The model layer barely changes:

# Adding validation to the JSONB approach:
class Admin < User
  store_accessor :properties,
    :department, :access_level, :admin_permissions

  validates :department, presence: true
  validates :access_level, numericality: {
    only_integer: true, in: 1..5
  }
end

# Database-level validation with a CHECK constraint:
# ALTER TABLE users ADD CONSTRAINT admin_properties_check
#   CHECK (
#     type != 'Admin' OR (
#       properties->>'department' IS NOT NULL AND
#       (properties->>'access_level')::int BETWEEN 1 AND 5
#     )
#   );

# GIN index for complex JSONB queries:
# CREATE INDEX idx_users_properties_gin ON users
#   USING GIN (properties)
#   WHERE type = 'Admin';

# Expression index for equality lookups:
# CREATE INDEX idx_admin_access ON users
#   ((properties->>'access_level')::int)
#   WHERE type = 'Admin';

The trade-off: JSONB expression indexes ((properties->>'department')) are less flexible than B-tree indexes on dedicated columns. You cannot add foreign keys to JSONB fields. Type-specific validation lives in application code or CHECK constraints, not column-level NOT NULL. And the JSONB column itself has overhead — the binary JSONB representation includes key names alongside values, which for many small attributes can be larger than dedicated columns would be.

That said, the overhead is nearly always less than 8 dedicated columns that are 85% NULL. And you gain something significant: the table drops from 13 columns to 5. Row width decreases. Page density increases. Buffer cache efficiency improves. The planner has fewer columns to reason about.

This is the strategy I recommend most often. It requires the least disruption, preserves the STI pattern that your application code expects, and solves the NULL bloat problem directly. If your performance bottleneck is storage and page density rather than contention, this may be sufficient on its own.

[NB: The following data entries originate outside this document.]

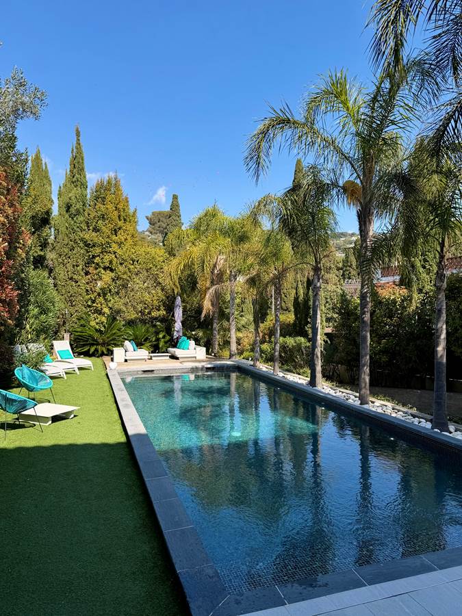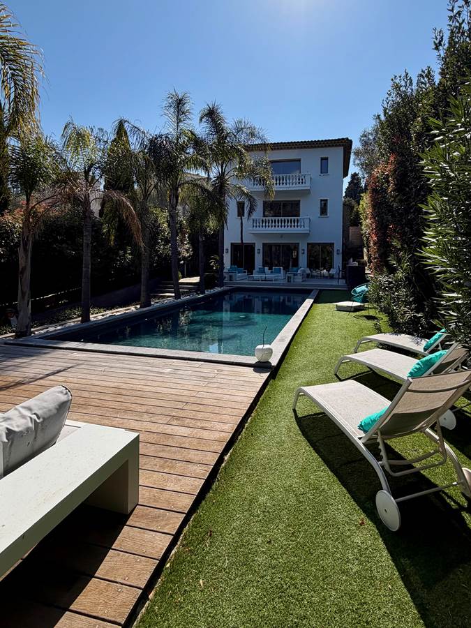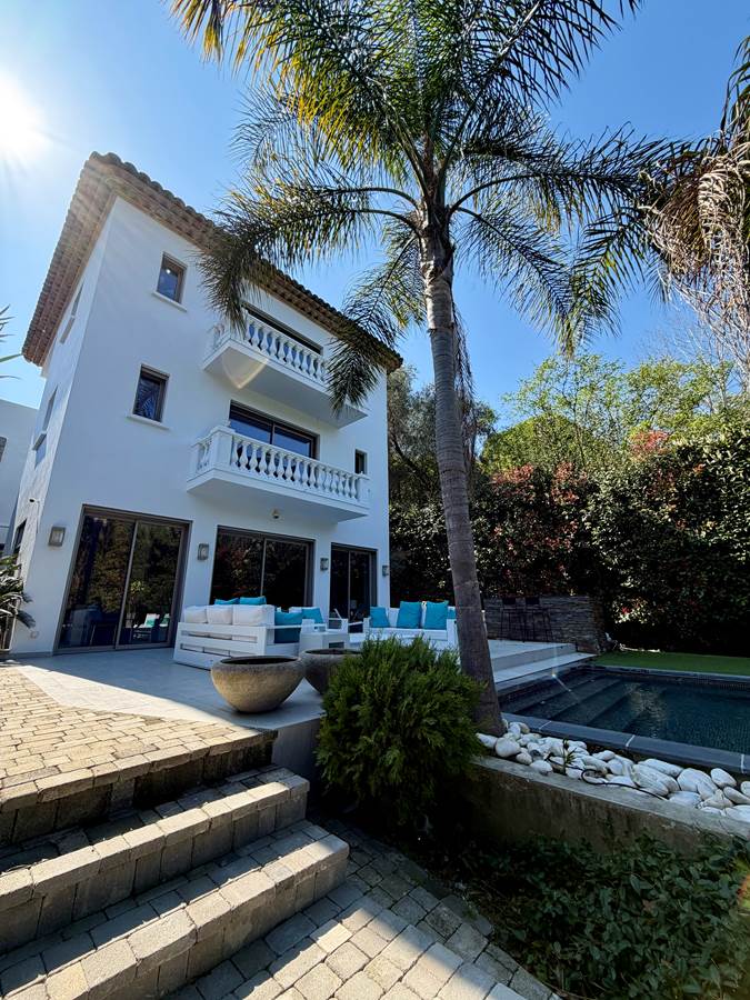 Эта вилла, расположенная в тихом и зеленом жилом районе Изола Белла, предлагает расслабляющую обстановку, оставаясь при этом недалеко от оживленных Канн.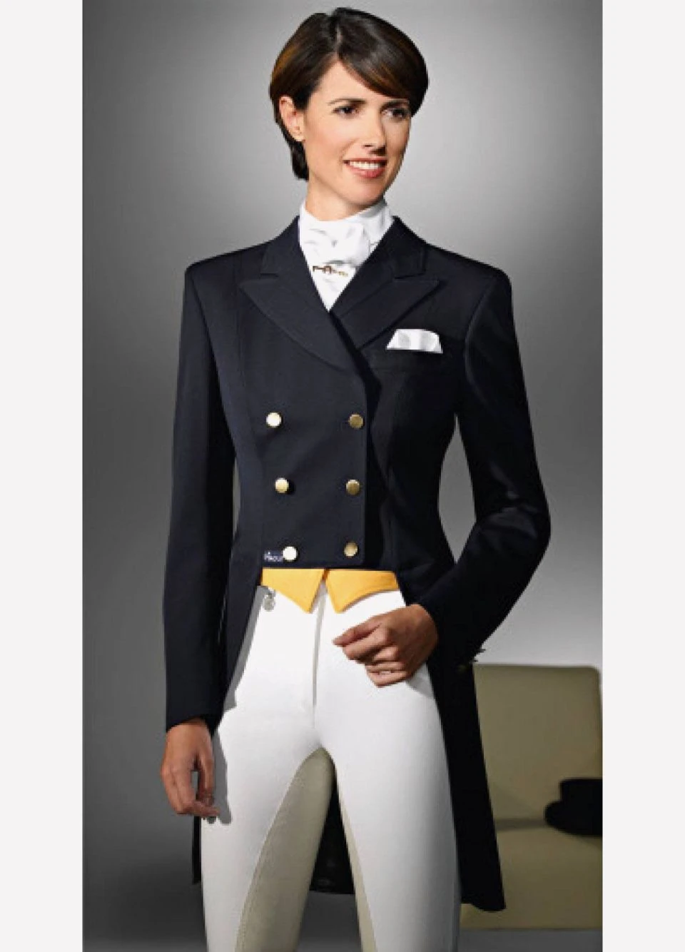 Simply wow the competition with this elegant tailcoat jacket from Pikeur. The navy colour looks oh so smart with crisp white breeches and gloves, and is perfect for adding the finishing detail to a dazzling dressage test. The tailcoat has traditional canary points, with gold buttons and weights in the tails to hold them down. It also features a lovely chest pocket, and the embroidered PIkeur logo above the front hem.Â
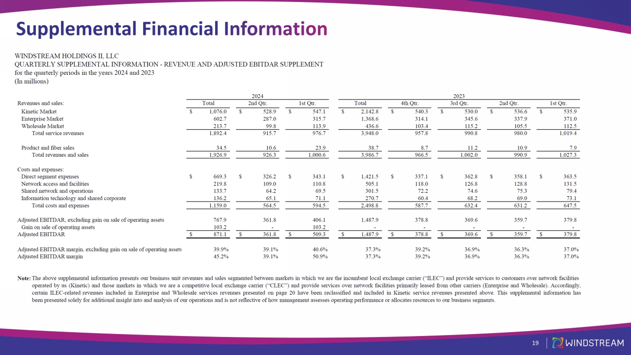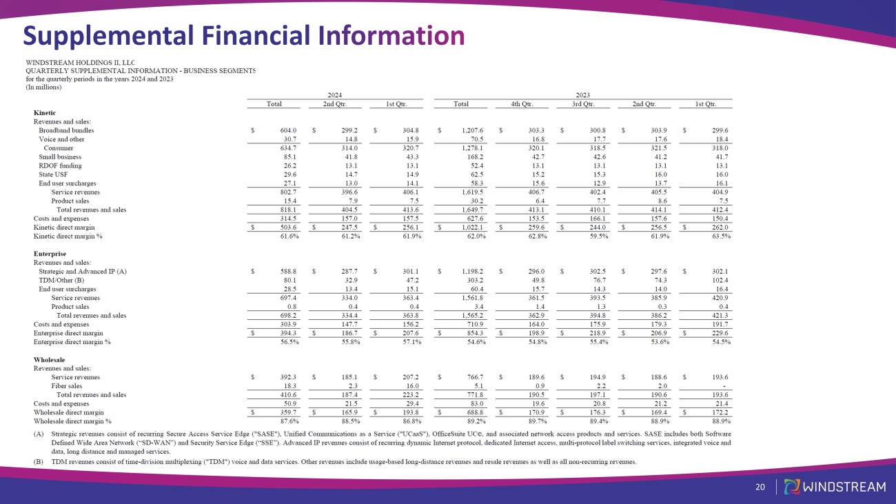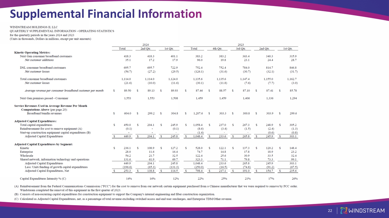 | 2Q24 Earnings Presentation Script July 31, 2024 Genesis White Good morning everyone and thank you for joining Windstream’s second quarter 2024 earnings conference call. Joining me on the call today are: • Paul Sunu, our CEO, and • Drew Smith, our CFO and Treasurer To accompany today’s call, we have posted the presentation slides and supplemental schedule on our various investor websites. If you do not have access to these websites, please reach out to me at Genesis dot White at windstream dot com. Our financial statements, prepared in accordance with U.S. GAAP, will be available by mid-August to our lenders and investors, in compliance with the terms of the Credit Agreement, Indenture, and Amended and Restated LLC Agreement. During the second quarter of 2024, we adjusted certain expense assignments between Kinetic, Enterprise and shared services. Prior period segment information, as previously reported in the first quarter 2024 investor supplement, has been revised to reflect these updates. |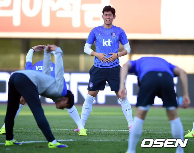 손흥민이 훈련에 앞서 스트레칭을 하고 있다.

Strategy 2: PostgreSQL native table inheritance

# Escape route 2: PostgreSQL table inheritance via active_record-mti.
# Each type gets its own physical table. Queries route automatically.
# gem 'active_record-mti'

class CreateUsersWithInheritance < ActiveRecord::Migration[7.1]
  def change
    create_table :users do |t|
      t.string :email, null: false
      t.string :name
      t.timestamps
    end

    # Admins get their own table, inheriting users columns:
    execute <<-SQL
      CREATE TABLE admins (
        department    varchar,
        access_level  integer,
        admin_permissions jsonb
      ) INHERITS (users);
    SQL

    execute <<-SQL
      CREATE TABLE moderators (
        assigned_region   varchar,
        escalation_limit  integer,
        can_ban_users     boolean
      ) INHERITS (users);
    SQL

    # Each table has only the columns it needs.
    # SELECT * FROM users still queries all child tables.
    # SELECT * FROM admins queries only admins.
  end
end

PostgreSQL's native table inheritance creates separate physical tables that share a parent schema. The active_record-mti gem wires this into Rails so that Admin.where(department: 'Engineering') queries only the admins table, while User.all queries across all child tables.

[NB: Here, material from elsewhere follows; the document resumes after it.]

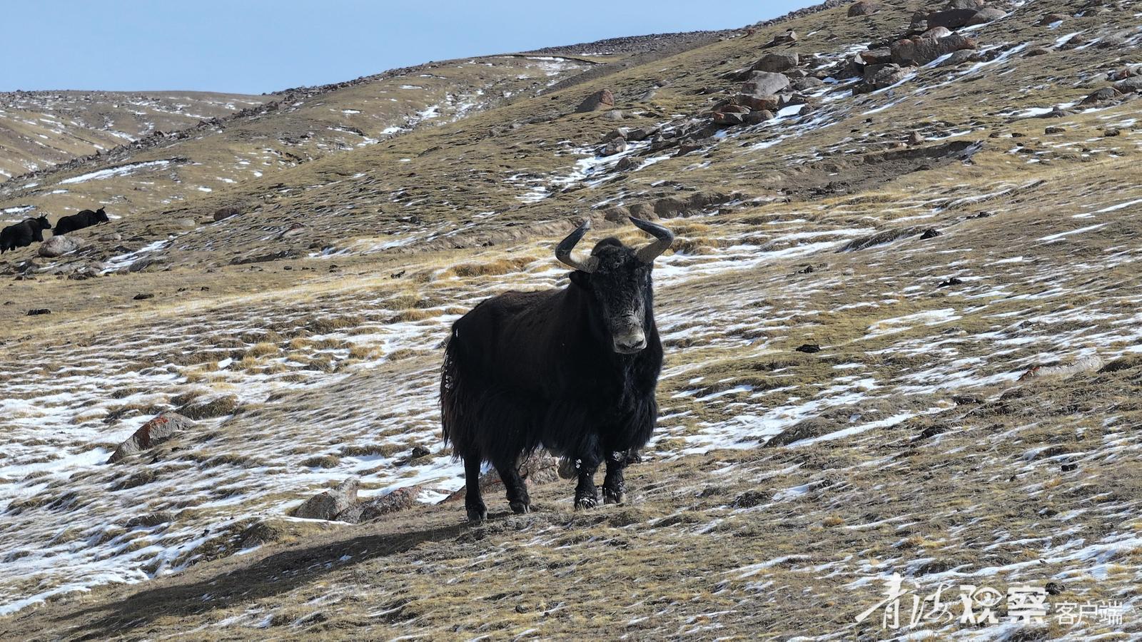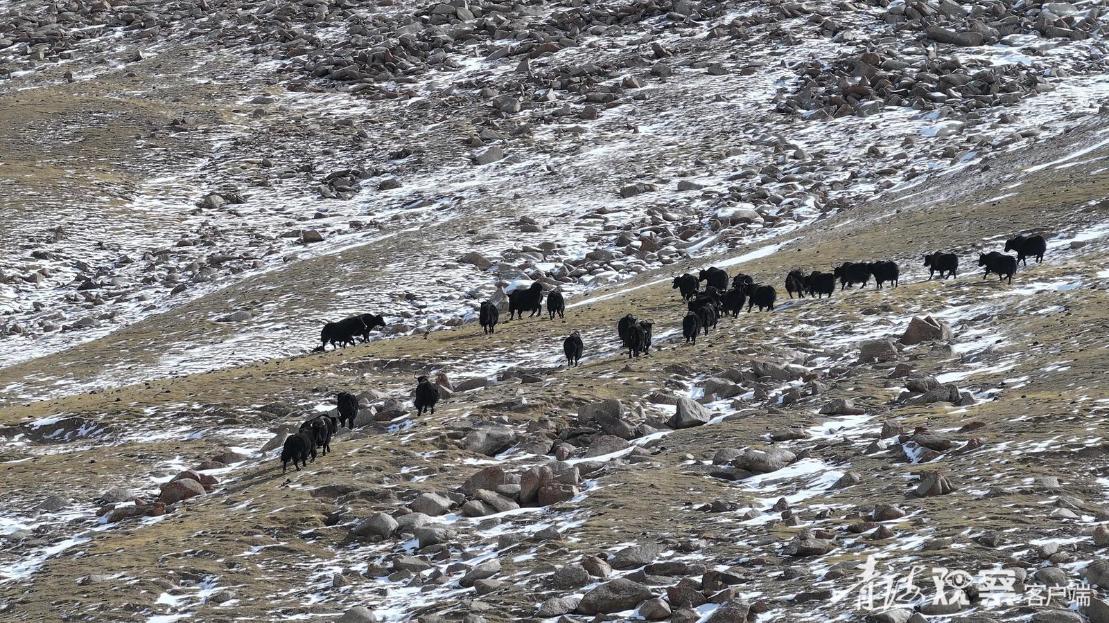 这一路遇到的野牦牛之多,连巡山队员都觉得意外:“这个季节它们通常该在海拔更低、更暖和的公路沿线或牧民冬季牧场附近。现在跑到近5000米的高山草场,可能是山下雪太厚,找不到草吃了。”

This eliminates NULL bloat, separates physical storage for reduced contention, and gives each type its own indexes, its own VACUUM schedule, and its own buffer pages. Each type is, physically, an independent table with independent performance characteristics.

But I must be forthcoming about the limitations, because they are consequential:

-- PostgreSQL table inheritance: the limitations nobody mentions first.

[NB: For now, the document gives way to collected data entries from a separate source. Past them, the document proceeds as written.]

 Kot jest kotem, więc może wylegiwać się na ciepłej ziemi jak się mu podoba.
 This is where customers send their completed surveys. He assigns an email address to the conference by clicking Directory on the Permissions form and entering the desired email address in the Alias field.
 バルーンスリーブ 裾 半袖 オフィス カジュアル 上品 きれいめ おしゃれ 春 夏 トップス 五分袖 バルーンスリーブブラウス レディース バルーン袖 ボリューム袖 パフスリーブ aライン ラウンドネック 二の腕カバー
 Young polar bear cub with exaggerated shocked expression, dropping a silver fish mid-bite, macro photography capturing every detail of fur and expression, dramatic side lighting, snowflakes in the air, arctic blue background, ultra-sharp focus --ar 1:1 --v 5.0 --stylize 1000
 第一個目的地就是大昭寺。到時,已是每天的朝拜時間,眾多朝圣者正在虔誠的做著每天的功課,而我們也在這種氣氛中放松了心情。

-- 1. No cross-table unique constraints:
ALTER TABLE users ADD CONSTRAINT users_email_unique UNIQUE (email);
-- This ONLY enforces uniqueness within the parent table.
-- An admin and a moderator CAN have the same email.
-- You need application-level or trigger-based uniqueness.

-- 2. No foreign keys referencing parent tables:
CREATE TABLE orders (
    user_id integer REFERENCES users(id)  -- FAILS
);
-- ERROR: cannot reference partitioned/inherited table "users"
-- You must reference child tables individually or use triggers.

-- 3. Indexes are NOT inherited:
CREATE INDEX idx_users_email ON users (email);
-- This index exists ONLY on the parent. Child tables need their own:
CREATE INDEX idx_admins_email ON admins (email);
CREATE INDEX idx_moderators_email ON moderators (email);

-- 4. VACUUM and ANALYZE must run on each child table:
ANALYZE users;      -- analyzes parent only
ANALYZE admins;     -- must be explicit
ANALYZE moderators; -- must be explicit

No cross-table unique constraints means you must enforce email uniqueness at the application level or through triggers. No foreign keys referencing the parent means your orders.user_id cannot use a standard foreign key constraint. Indexes are not inherited, so you must create and maintain them on each child table individually.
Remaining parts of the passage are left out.